I know Sutter Keely. At least that’s how I felt reading Tim Tharp‘s novel, The Spectacular Now. Three months ago I didn’t even know The Spectacular Now was a book, but after reading a Television Without Pity article highlighting some of well-received films at Sundance, I found out The Spectacular Now was based on a book. A YA book in fact, that was a National Book Award Finalist! I was obviously immediately intrigued when the article claimed Perks as “so 2012,” coming of age stories basically scream my name. Plus guess who’s starring? Shailene Woodley and Miles Teller! (And according to IMDB Kyle Chandler is in this cast, too?!)  Woodley’s range of roles is impressive to me, and ever since I went to see Sherlock Holmes last year and Teller was in line in front of me at the concession stand I’ve been curious about his career. We’re from the same county, and I was unaware at the time, but the friend I was with filled me. He’s already acted in several different film roles, Rabbit Hole, Footloose, Project X and so the combination of the cast and the basic premise of the story had me terribly intrigued by this book.

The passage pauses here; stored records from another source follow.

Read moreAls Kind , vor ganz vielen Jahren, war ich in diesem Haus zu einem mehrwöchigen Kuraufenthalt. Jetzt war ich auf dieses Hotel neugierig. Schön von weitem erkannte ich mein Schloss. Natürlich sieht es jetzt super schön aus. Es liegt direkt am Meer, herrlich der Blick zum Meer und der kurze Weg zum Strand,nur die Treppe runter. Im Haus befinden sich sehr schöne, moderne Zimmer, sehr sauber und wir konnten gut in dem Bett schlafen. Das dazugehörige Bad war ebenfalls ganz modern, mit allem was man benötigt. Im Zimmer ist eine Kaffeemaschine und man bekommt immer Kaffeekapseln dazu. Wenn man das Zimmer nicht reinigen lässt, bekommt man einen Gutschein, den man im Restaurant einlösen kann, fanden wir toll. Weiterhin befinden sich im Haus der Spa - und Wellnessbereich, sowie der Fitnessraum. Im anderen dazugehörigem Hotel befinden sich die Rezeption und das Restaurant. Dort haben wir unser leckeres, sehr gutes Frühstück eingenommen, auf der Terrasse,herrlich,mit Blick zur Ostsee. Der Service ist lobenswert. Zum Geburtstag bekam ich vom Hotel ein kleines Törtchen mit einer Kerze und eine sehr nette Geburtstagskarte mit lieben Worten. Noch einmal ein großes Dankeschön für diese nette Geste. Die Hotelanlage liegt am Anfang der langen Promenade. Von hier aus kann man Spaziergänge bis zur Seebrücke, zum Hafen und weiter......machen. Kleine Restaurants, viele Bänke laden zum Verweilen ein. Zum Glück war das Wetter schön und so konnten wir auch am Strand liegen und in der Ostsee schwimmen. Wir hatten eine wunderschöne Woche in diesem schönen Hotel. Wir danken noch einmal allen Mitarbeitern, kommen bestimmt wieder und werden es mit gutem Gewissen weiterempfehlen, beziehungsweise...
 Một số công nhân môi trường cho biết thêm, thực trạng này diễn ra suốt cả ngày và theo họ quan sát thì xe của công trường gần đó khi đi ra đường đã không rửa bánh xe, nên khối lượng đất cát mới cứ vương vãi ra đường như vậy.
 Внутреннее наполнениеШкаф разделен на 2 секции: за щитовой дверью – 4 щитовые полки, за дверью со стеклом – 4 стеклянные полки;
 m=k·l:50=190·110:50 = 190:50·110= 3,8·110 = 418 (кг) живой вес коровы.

I had a literature teacher in college once who told us that most writers are attempting to tell the same story over and over until they finally get it right. Sometimes, when I’m reading I think that I’m looking for the characters or the story that finally explains things I’ve experienced, right. (Of course you’re probably thinking why don’t I just write the story myself? I know, I know.) Every once in a while I come across a piece of work where I feel like the creator has crawled into my life. I wasn’t expecting this with The Spectacular Now but there, sprawled across the pages was a story closely resembling one I knew.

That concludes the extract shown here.